Exercise:
Print the whole listing below exactly, skipping every picture.

Dataset excerpt:
▬▬▬▬▬▬▬▬▬▬
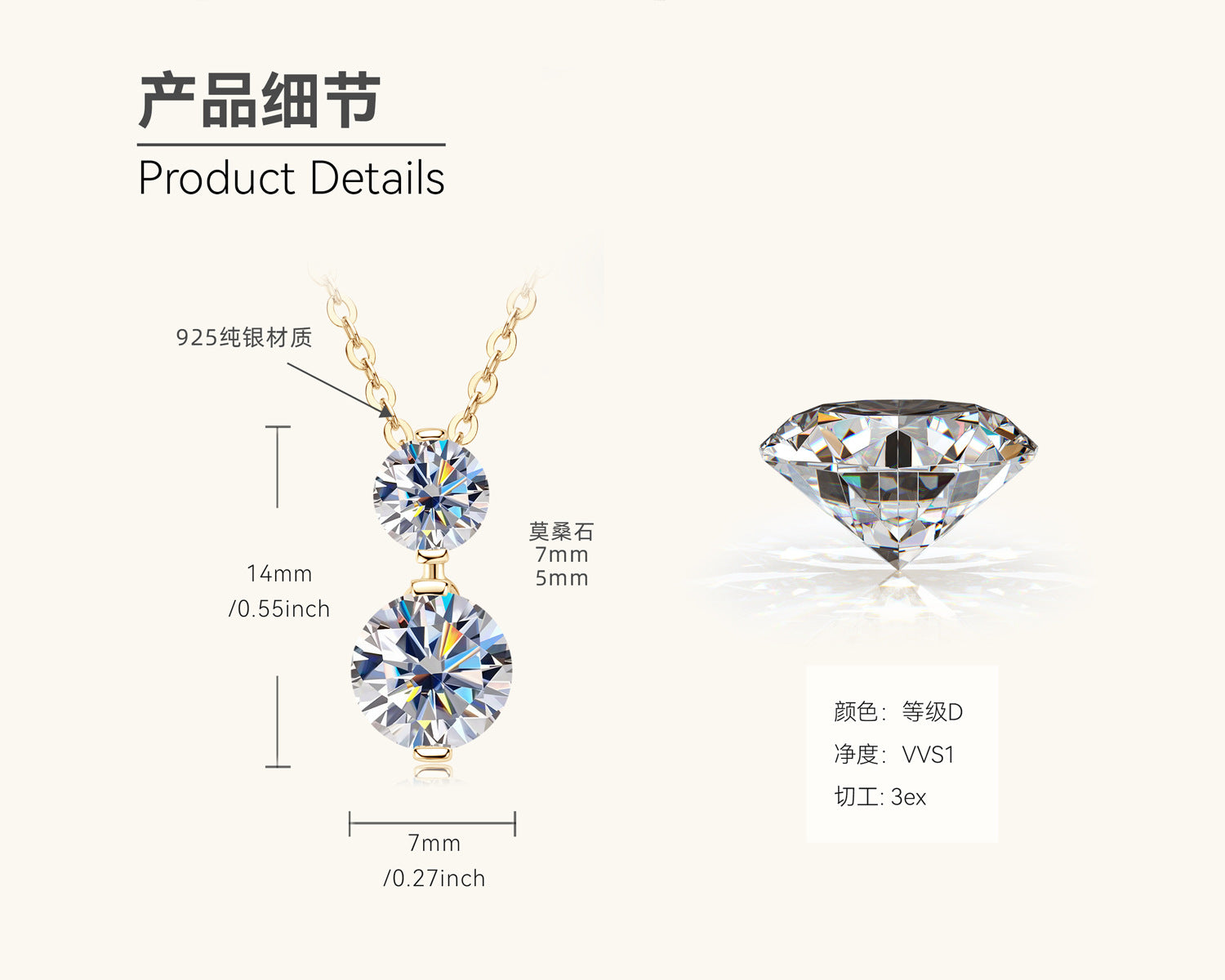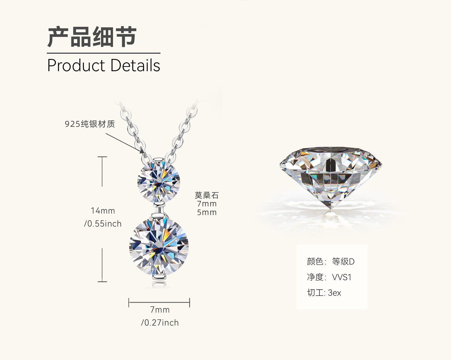 This stylish necklace features a modern two-stone drop pendant showcasing the exceptional brilliance of moissanite gemstones. The pendant is crafted from 925 sterling silver and features two sparkling moissanite stones: a larger pear-shaped stone measuring 7mm and a smaller round stone measuring 5mm. Both moissanite stones are of high quality, boasting a D color grade (colorless) and VVS1 clarity (virtually flawless). They are expertly cut with a 3ex (Excellent cut, polish, and symmetry) grade to maximize their brilliance and fire.
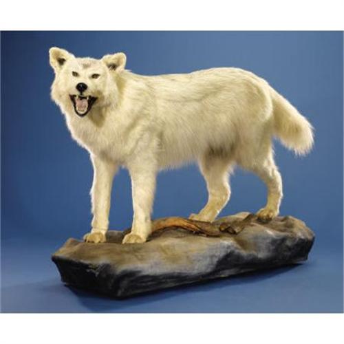 <B>ARCTIC WOLF FULL-BODY MOUNT</B></I><BR> <I>Canis lupus arctica</B></I><BR>The Arctic Wolf lives in northern Alaska and is very intelligent, cunning, and alert. They are opportunistic and very adaptable, living their lives in a harsh cold environment and working together in packs or small groups to hunt for food. They will fight to the death to defend their mate or young. This particular mount is of a large old male, weighing about 140 lbs. Presented on a diorama base, the mount comes with all legal papers and measures 59 inches long, 40½ inches high and 19 inches wide. <BR><BR><b>Shipping:</b> Requires 3rd Party Shipping (<a target="_blank" href="http://www.heritageauctions.com/common/shipping.php">view shipping information</a>)
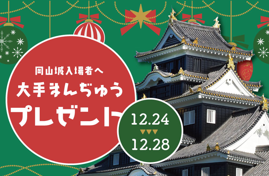 日頃の感謝を込めまして、クリスマス~年末年始にかけての期間のうち、岡山城に入場した方、先着各日200名に岡山城オリジナルパッケージの大手まんぢゅうを無料配布します。
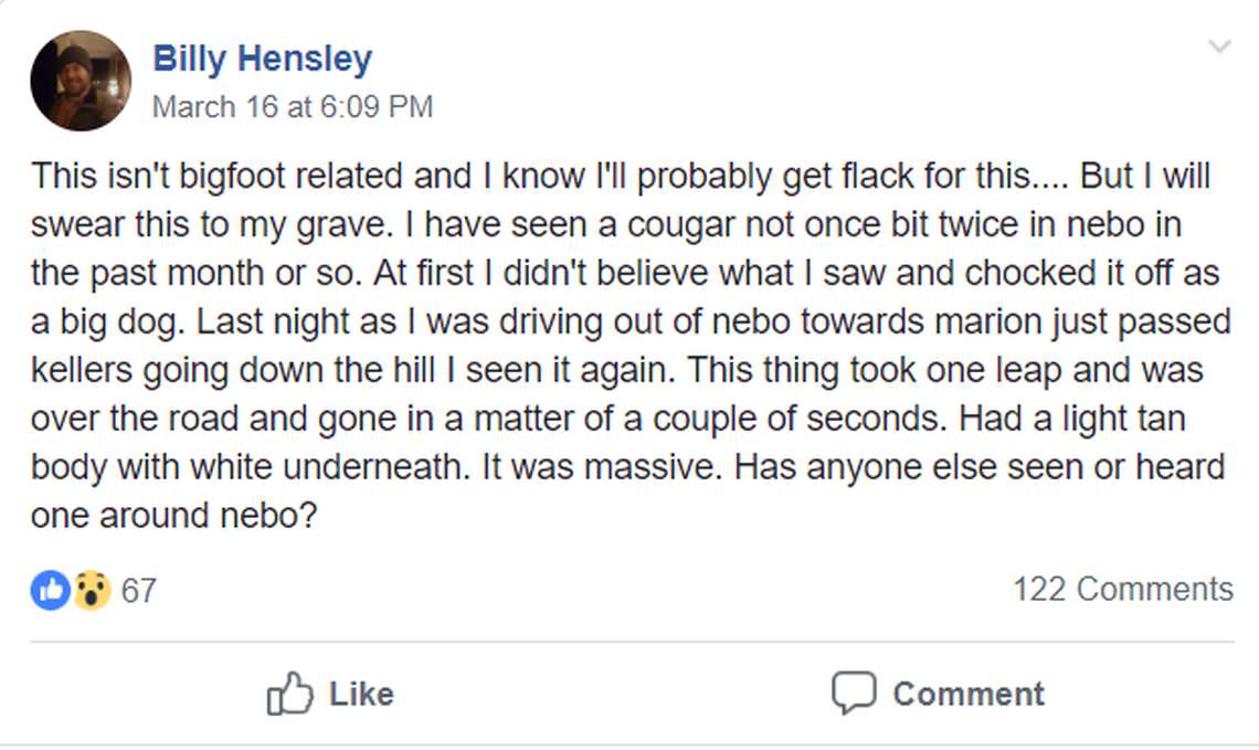 “I know I’ll catch some flack for this,” posted Billy Hensley on Saturday. “But I will swear this to my grave: I have seen a cougar not once but twice in Nebo in the past month or so.”
▬▬▬▬▬▬▬▬▬▬
Answer for the task:
 This stylish necklace features a modern two-stone drop pendant showcasing the exceptional brilliance of moissanite gemstones. The pendant is crafted from 925 sterling silver and features two sparkling moissanite stones: a larger pear-shaped stone measuring 7mm and a smaller round stone measuring 5mm. Both moissanite stones are of high quality, boasting a D color grade (colorless) and VVS1 clarity (virtually flawless). They are expertly cut with a 3ex (Excellent cut, polish, and symmetry) grade to maximize their brilliance and fire.
 <B>ARCTIC WOLF FULL-BODY MOUNT</B></I><BR> <I>Canis lupus arctica</B></I><BR>The Arctic Wolf lives in northern Alaska and is very intelligent, cunning, and alert. They are opportunistic and very adaptable, living their lives in a harsh cold environment and working together in packs or small groups to hunt for food. They will fight to the death to defend their mate or young. This particular mount is of a large old male, weighing about 140 lbs. Presented on a diorama base, the mount comes with all legal papers and measures 59 inches long, 40½ inches high and 19 inches wide. <BR><BR><b>Shipping:</b> Requires 3rd Party Shipping (<a target="_blank" href="http://www.heritageauctions.com/common/shipping.php">view shipping information</a>)
 日頃の感謝を込めまして、クリスマス~年末年始にかけての期間のうち、岡山城に入場した方、先着各日200名に岡山城オリジナルパッケージの大手まんぢゅうを無料配布します。
 “I know I’ll catch some flack for this,” posted Billy Hensley on Saturday. “But I will swear this to my grave: I have seen a cougar not once but twice in Nebo in the past month or so.”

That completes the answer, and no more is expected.